═══ PROVIDED ENTRIES ═══

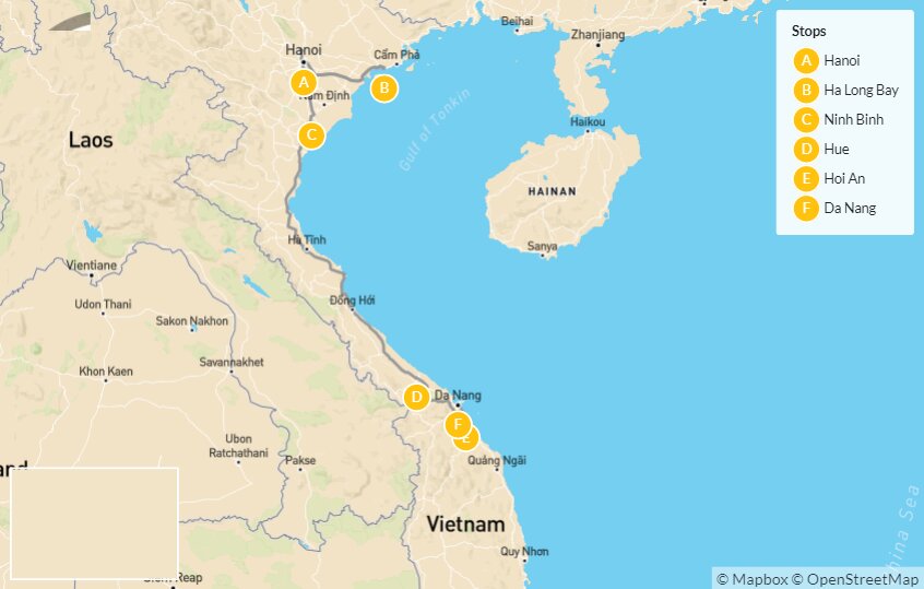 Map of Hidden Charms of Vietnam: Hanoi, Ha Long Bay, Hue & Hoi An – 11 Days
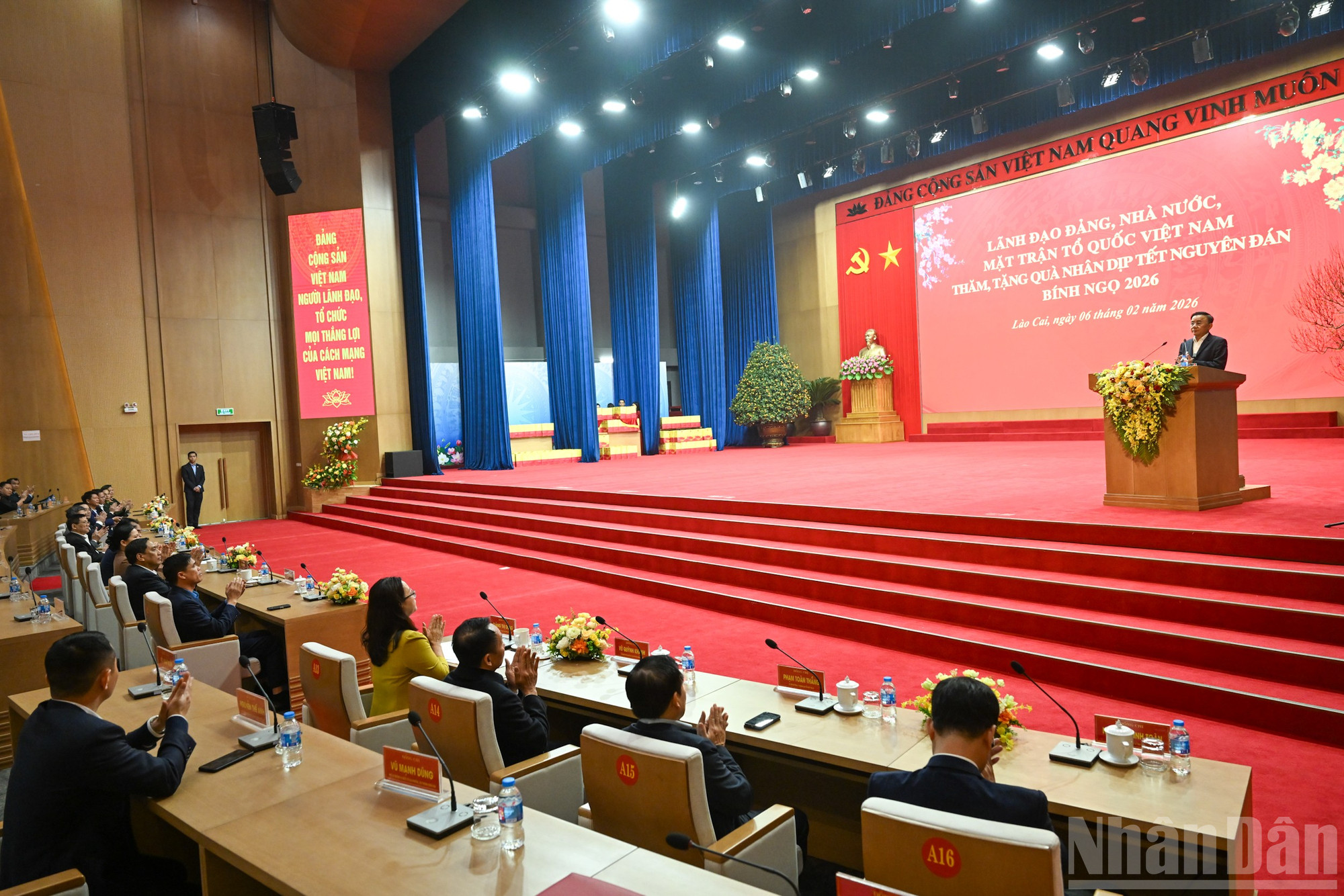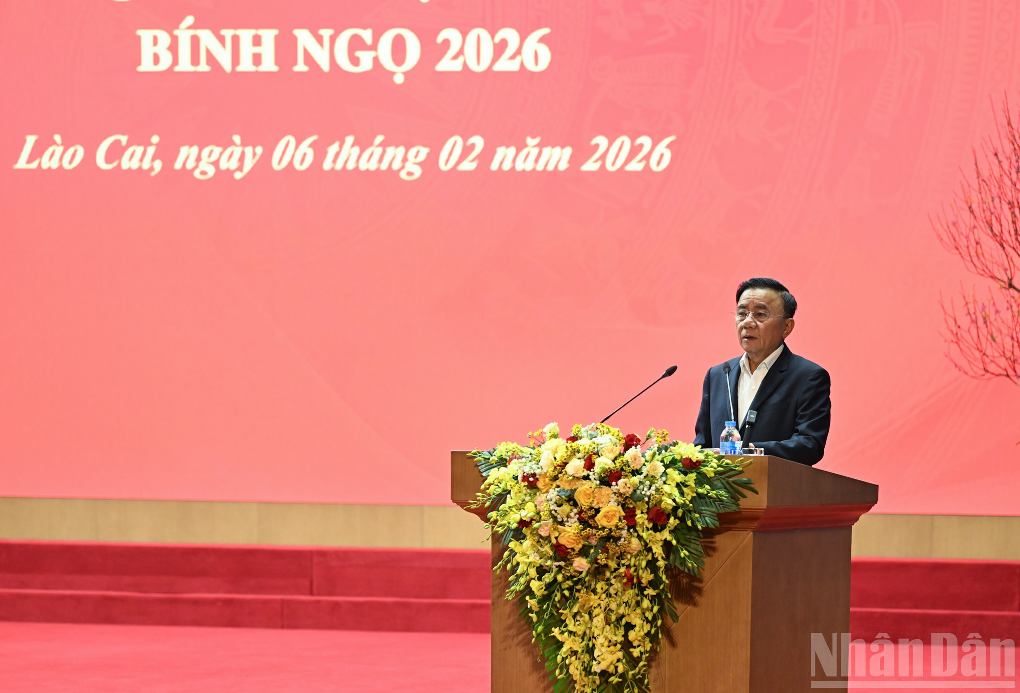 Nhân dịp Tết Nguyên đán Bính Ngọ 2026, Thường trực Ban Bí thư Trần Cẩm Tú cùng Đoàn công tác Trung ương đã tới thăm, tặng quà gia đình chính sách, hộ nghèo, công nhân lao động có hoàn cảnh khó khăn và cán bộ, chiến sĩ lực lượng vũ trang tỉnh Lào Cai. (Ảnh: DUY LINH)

═══
═══ PROVIDED ENTRIES ═══

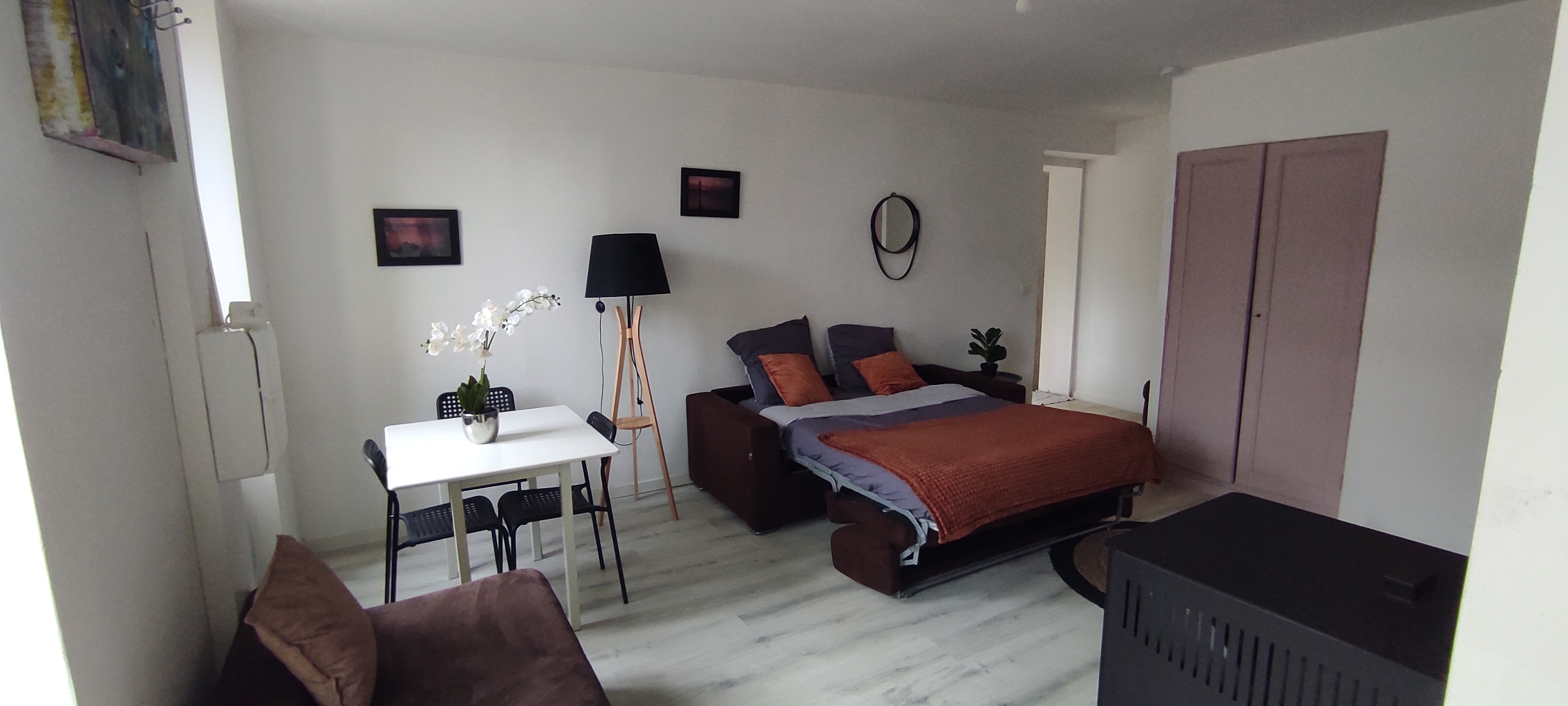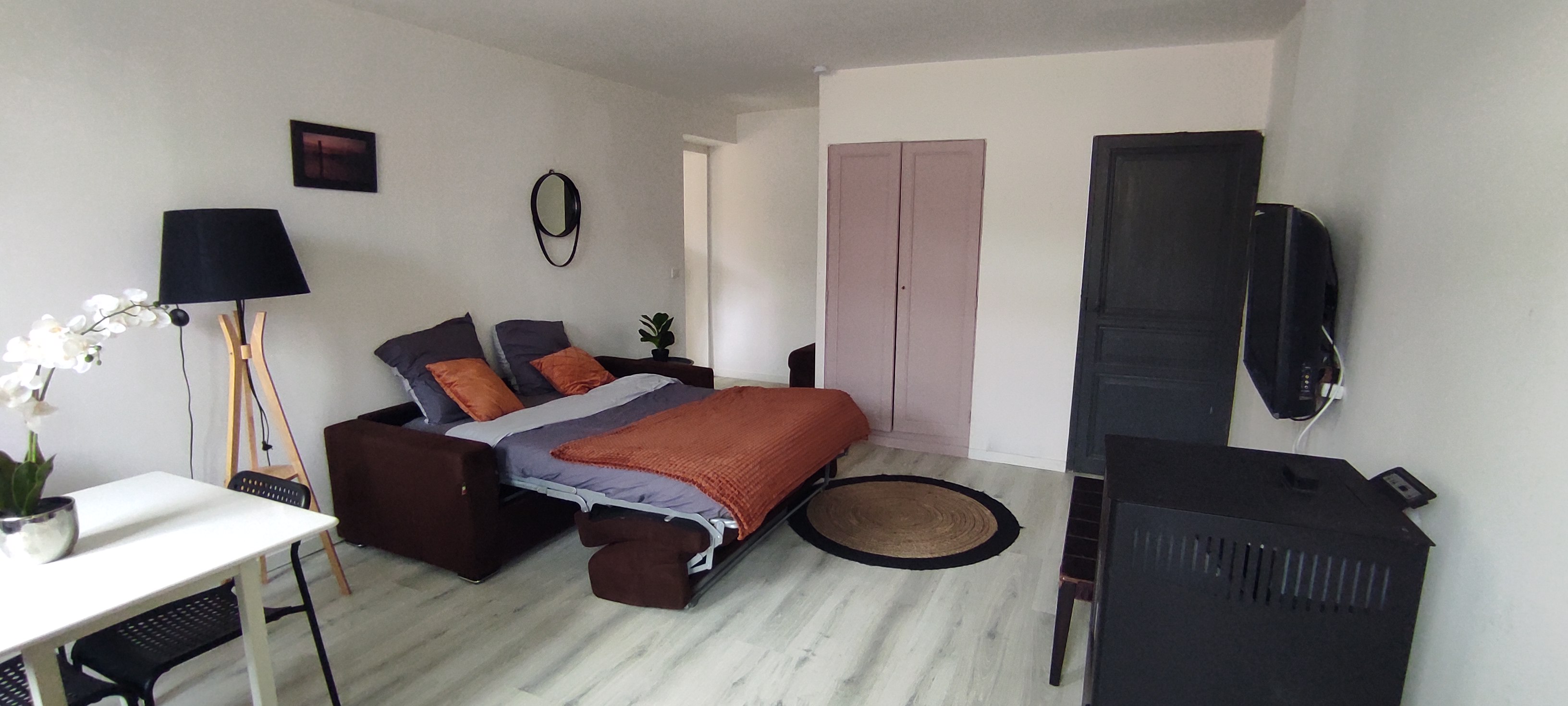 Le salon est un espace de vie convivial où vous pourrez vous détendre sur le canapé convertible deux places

═══

TASK ITEM: Repeat exactly, and only, the entries from the line with "Map of Hidden" through the line with "Nhân dịp Tết". Pictures are skipped.

YOUR RESPONSE:
 Map of Hidden Charms of Vietnam: Hanoi, Ha Long Bay, Hue & Hoi An – 11 Days
 Nhân dịp Tết Nguyên đán Bính Ngọ 2026, Thường trực Ban Bí thư Trần Cẩm Tú cùng Đoàn công tác Trung ương đã tới thăm, tặng quà gia đình chính sách, hộ nghèo, công nhân lao động có hoàn cảnh khó khăn và cán bộ, chiến sĩ lực lượng vũ trang tỉnh Lào Cai. (Ảnh: DUY LINH)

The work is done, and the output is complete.